Comparing the two equations, we can see that the center of the hyperbola is at (h, k) = (0, 1).
Since the x-coordinate term (x/3)^2 is positive, the hyperbola opens horizontally. The general form of the asymptotes is given by:
y = (±b/a)(x-h) + k.
In this case, since a^2 = 9, we have a = 3. Since b^2 = 1, we have b = 1. Plugging these values into the general form of the asymptotes, we get:
y = (±1/3)x + 1.
So, the correct answer is y = (±1/3)x + 1. That means none of the options you were given match up with the correct answer. It's okay to be wrong sometimes, it helps us learn and grow! Keep going and don't be discouraged.
To determine the asymptotes of a hyperbola, you need to consider the equation of the hyperbola and its general form. The general equation of a hyperbola is of the form:
[(x - h)^2 / a^2] - [(y - k)^2 / b^2] = 1
In your provided equation x^2/9 - (y - 1)^2 = 1, you can observe that the center of the hyperbola is at the point (h, k) = (0, 1) and the denominators are:
a^2 = 9, which means a = 3
b^2 = 1, which means b = 1
The asymptotes of a hyperbola are given by the equations:
y - k = ± (b / a)(x - h)
Substituting the values, you can determine the slope of the asymptotes:
y - 1 = ± (1 / 3)(x - 0)
Simplifying, you get:
y - 1 = ± (1/3)x
Now, we can rewrite this equation in the form y = mx + b:
y = (1/3)x + 1
and
y = -(1/3)x + 1
Comparing these equations to the options you have:
y = (sqrt5/3) x + 1 and y = -(sqrt5/5) x + 1
y = (sqrt5/3) (x + 1) and y = -(sqrt5/5) (x + 1)
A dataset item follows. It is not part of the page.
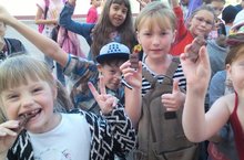 Затем, немного поиграв на свежем воздухе и плотно пообедав, отряды приняли участие в конкурсе "Шоколадный праздник". Ребята соревновались на смекалку, отгадывая шоколадные загадки, а так же на быстроту и ловкость. В ходе праздника ребят ждал конкурс "Дегустация", где каждый из участников с закрытыми глазами должен был угадать какой вид шоколада они попробовали. Отряды принимали активное участие, и с интересом наблюдали за ходом конкурса.После "Шоколадного праздника" каждый получил сладкий сюрприз.
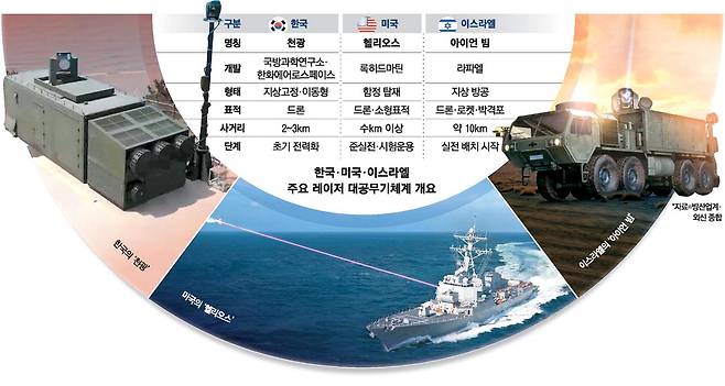 각국은 '맞으면 손해고 막을수록 더 밑지는' 방공전의 딜레마를 극복하기 위해 레이저 대공무기에 눈을 돌리고 있다. 아직은 개발·시범운용 단계가 많지만 한 발 쏘는 데 드는 비용은 많아야 10달러(약 1만5000원)다. 공격·방어 교환비를 단번에 뒤집을 수 있는 '무한탄창'의 게임 체인저가 되는 셈이다. 17일 군 소식통은 "한국의 레이저 무기체계 관련 역량은 세계 7위권으로 평가된다"면서 "1위는 미국, 2위는 이스라엘인데 3~7위 사이에는 기술 수준 차이가 크지 않다"고 말했다. 이어 "한국도 이미 레이저 무기체계를 시험 도입했고 성능을 높이기 위한 개발작업을 진행 중"이라고 설명했다.

None of the provided options match the correct equations for the asymptotes of the given hyperbola. The correct asymptotes for the hyperbola x^2/9 - (y - 1)^2 = 1 are:
y = (1/3)x + 1
and
y = -(1/3)x + 1
Your hyperbola has centre (0,1) , a = 3, and b = 1
vertices would be (3,1) and (-3,1)
To sketch this hyperbola I would faintly sketch a rectangle with corners at (3,2), (-3,2) , (-3,0) and (3,0)
One asymptote would run through (3,2) and (-3,0) and of course (0,1)
slope = 1/3
y = (1/3)x + 1 , since (0,1) is the y-intercept
similarly the other one would be y = (-1/3)x + 1
verification:
http://www.wolframalpha.com/input/?i=plot+x%5E2%2F9+-+(y+-+1)%5E2+%3D+1,+y+%3D+(1%2F3)x+%2B+1,+y+%3D+(-1%2F3)x+%2B+1
I have no idea where the square roots come from in your choices.